2. The abnormal message identification method of claim 1, wherein the daily message data set is divided into a plurality of data subsets according to a plurality of preset time intervals, and each data subset corresponds to one data item.
3. The abnormal packet identification method according to claim 2, wherein the data item comprises a time characteristic value and a data column, the time characteristic value is determined by a time interval of the corresponding data subset, and the data column is determined by all packet data included in the corresponding data subset.

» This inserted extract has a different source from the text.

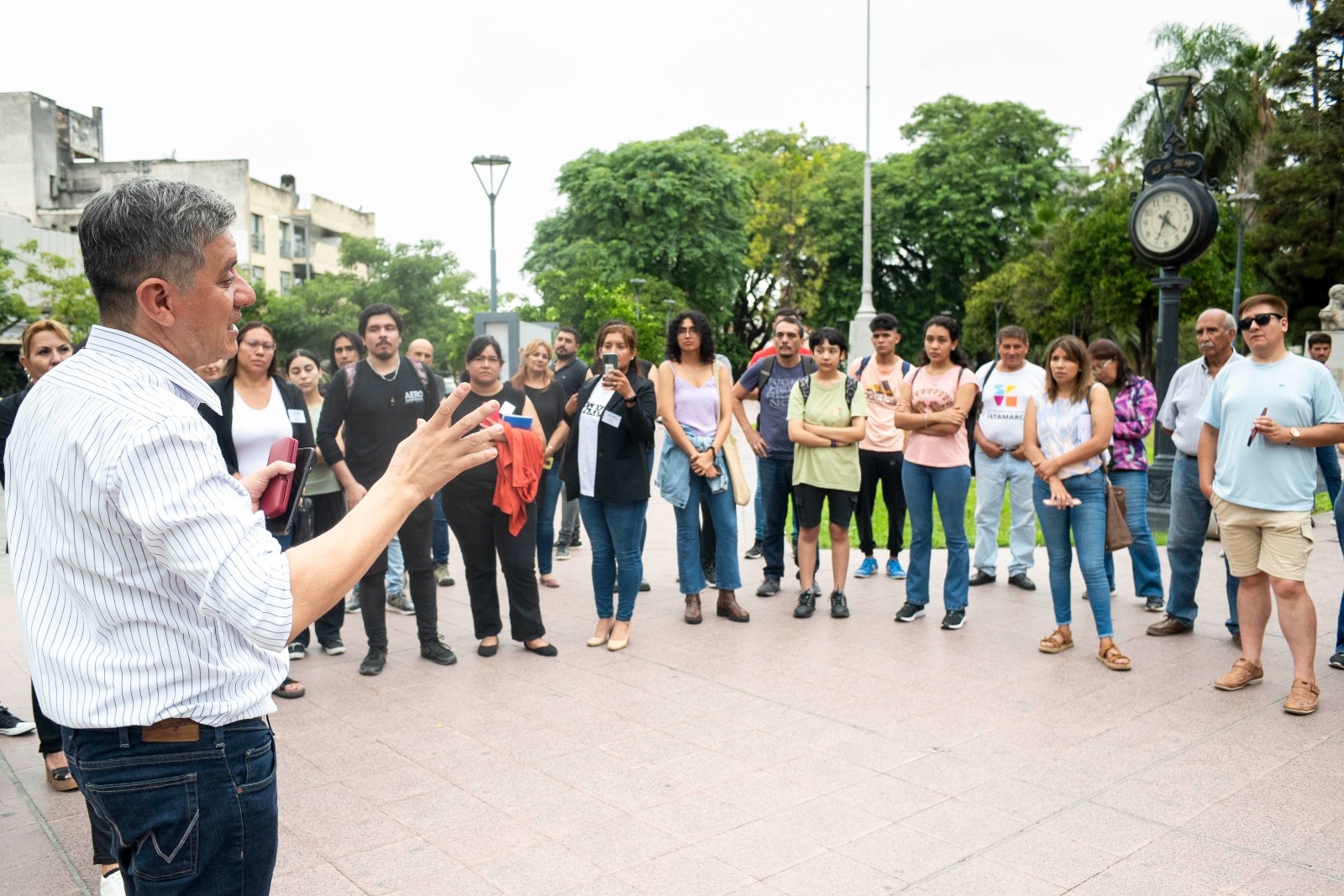 El punto de encuentro fue la Casa de la Cultura, donde se congregaron personal de los museos provinciales, guías de la Casa Histórica de Gobierno, estudiantes de primer año de la Escuela de Arqueología y público que se sumó espontáneamente.
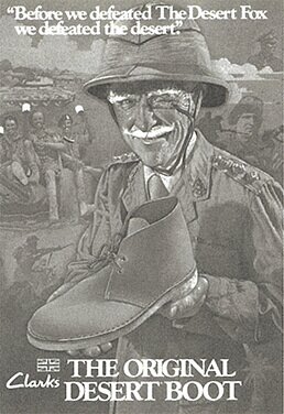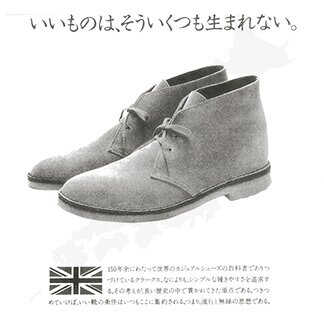 クラークス一族の4代目ネイサン・クラークス。彼が第二次世界大戦中に現ミャンマーに駐屯していた際、友人が履いていたラフなスウェードとゴム底を有したブーツに出会う。それはエジプト・カイロで作られたもので、砂漠地帯に駐屯する南アフリカ師団のアイデアによるものという話を受け、[デザートブーツ]の名で制作。1950年のことである。

4. The method according to claim 2, wherein the identifying the abnormal packet of the processing server according to the data set of the packet of the whole day of the day and the trained classification model corresponding to the processing server comprises:
and identifying the abnormal messages of the processing server according to the data items of the data set of the messages on the whole day of the current day and the trained classification model corresponding to the processing server.
5. The method according to claim 2, wherein the plurality of time intervals are consecutive, and the size of each time interval is equal to a predetermined value.
6. The method according to claim 1, further comprising:
acquiring training data corresponding to each processing server, wherein the training data is a historical full-day message data set;
and training a classification model corresponding to each processing server according to the training data and the preset classification algorithm.
7. The abnormal message identification method of claim 6, wherein the historical daily message data set is divided into a plurality of data subsets according to a plurality of preset time intervals, and each data subset corresponds to one data item.
8. The abnormal packet identification method according to claim 7, wherein the data item comprises a time characteristic value and a data column, the time characteristic value is determined by a time interval of the corresponding data subset, and the data column is determined by all packet data included in the corresponding data subset.
9. The method according to claim 6, wherein training the classification model corresponding to each processing server according to the training data and the classification algorithm includes:
obtaining a value of a loss function according to the training data and a preset loss function;
normalizing the value of the loss function according to a Softmax classifier;
and optimizing the loss function by using a gradient descent algorithm to train a model.
10. The abnormal packet identification method according to claim 1, wherein the packet data includes: at least one of message receiving/sending time, port information, encoding type, message duration, message size, message protocol, routing information, message status, and message type.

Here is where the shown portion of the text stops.